▶ Records for the exercise:
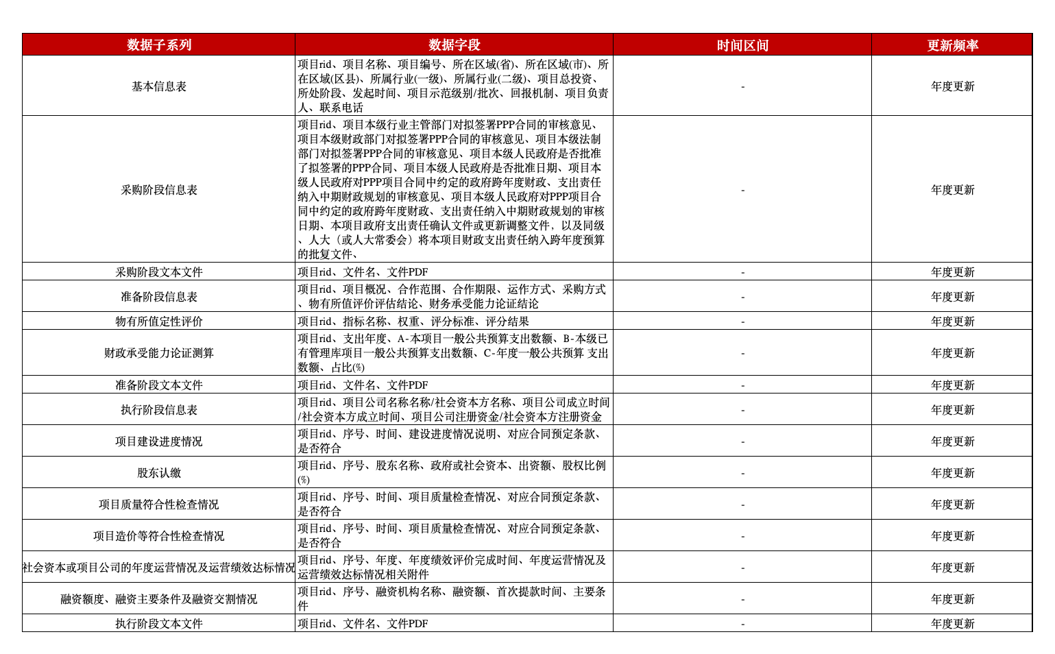 PPP项目数据是本平台开发的政企合作型城市基础设施项目数据,覆盖项目基本信息、准备阶段、采购阶段、执行阶段全数据,各阶段均有部分表格为材料文件内容,以文件名作为主要显示方式。
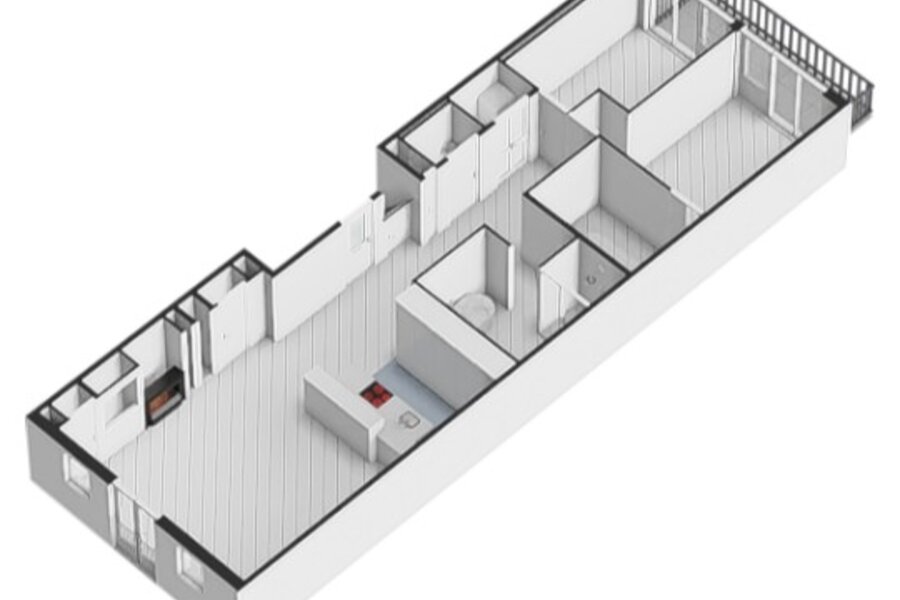 Currently, the house has 1 bedroom. The possibility exists to divide this room into two, here is already taken into account with the layout. See the option drawing attached. It is also included in the deed of subdivision that it is allowed to place a balcony at the rear no deeper than 1.4 m. On the attached option drawing this is made clear. All this under suspensive conditions of obtaining an environmental permit.
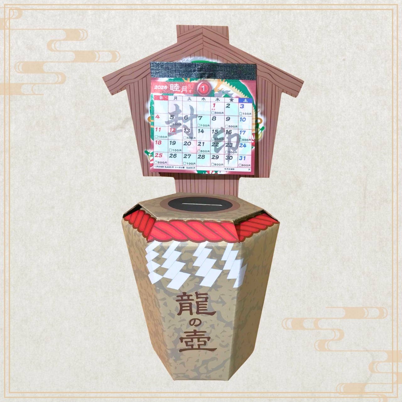 【貯金箱カレンダー入荷しました!!】 使用する硬貨は100円玉と500円玉(100円5枚でも) 1日おきに決められた金額100円〜500円を貯金して6万円を目指してください 月が終わるごとに龍の封印が徐々に解かれていき、1年後願いを叶える龍の封印を解けば あなたの願いが叶う予感…
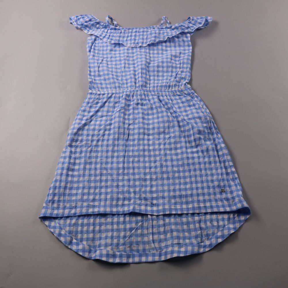 Платье Esprit в голубую клетку с открытыми плечами и воланом. Подойдёт для лета и отдыха, удобно сидит за счёт резинки на талии. Хлопковая ткань хорошо дышит и быстро сохнет после стирки.
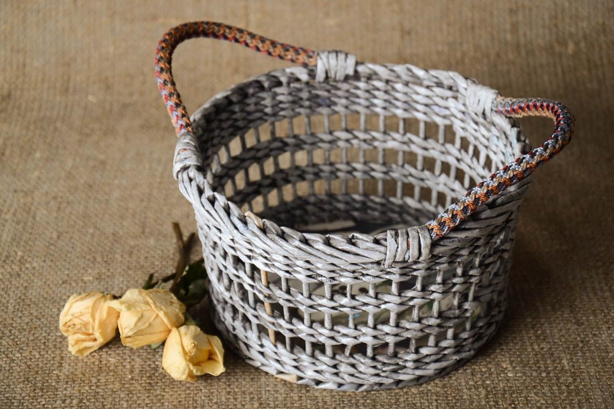 Корзинка из газетных трубочек для начинающих пошагово
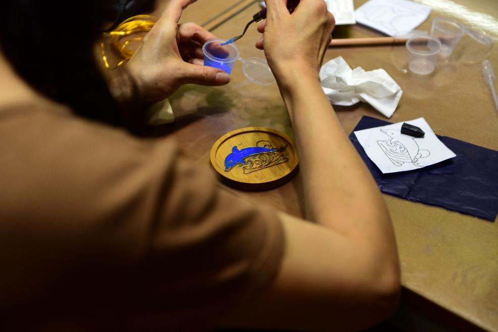 在课堂中两位主讲人详细的介绍了掐丝珐琅工艺由唐代以来在中国的发展,以及景泰蓝命名的由来,学员们在历史发展中感受中国传统手工艺的文化底蕴与历史积淀。本次活动依托“希腊时代彩陶及普利亚艺术文化特展”,设计出了诸如“海豚骑士”“猫头鹰”等一系列图样,课堂中利用掐丝工艺,将其纹样的美感展现出来,让学员在体验掐丝工艺的过程中,也能回想到希腊彩陶文化的灿烂多彩。

▶ Your instructions:
Pictures appear in the records above. Output everything except them, exactly.

▶ Response area:
 PPP项目数据是本平台开发的政企合作型城市基础设施项目数据,覆盖项目基本信息、准备阶段、采购阶段、执行阶段全数据,各阶段均有部分表格为材料文件内容,以文件名作为主要显示方式。
 Currently, the house has 1 bedroom. The possibility exists to divide this room into two, here is already taken into account with the layout. See the option drawing attached. It is also included in the deed of subdivision that it is allowed to place a balcony at the rear no deeper than 1.4 m. On the attached option drawing this is made clear. All this under suspensive conditions of obtaining an environmental permit.
 【貯金箱カレンダー入荷しました!!】 使用する硬貨は100円玉と500円玉(100円5枚でも) 1日おきに決められた金額100円〜500円を貯金して6万円を目指してください 月が終わるごとに龍の封印が徐々に解かれていき、1年後願いを叶える龍の封印を解けば あなたの願いが叶う予感…
 Платье Esprit в голубую клетку с открытыми плечами и воланом. Подойдёт для лета и отдыха, удобно сидит за счёт резинки на талии. Хлопковая ткань хорошо дышит и быстро сохнет после стирки.
 Корзинка из газетных трубочек для начинающих пошагово
 在课堂中两位主讲人详细的介绍了掐丝珐琅工艺由唐代以来在中国的发展,以及景泰蓝命名的由来,学员们在历史发展中感受中国传统手工艺的文化底蕴与历史积淀。本次活动依托“希腊时代彩陶及普利亚艺术文化特展”,设计出了诸如“海豚骑士”“猫头鹰”等一系列图样,课堂中利用掐丝工艺,将其纹样的美感展现出来,让学员在体验掐丝工艺的过程中,也能回想到希腊彩陶文化的灿烂多彩。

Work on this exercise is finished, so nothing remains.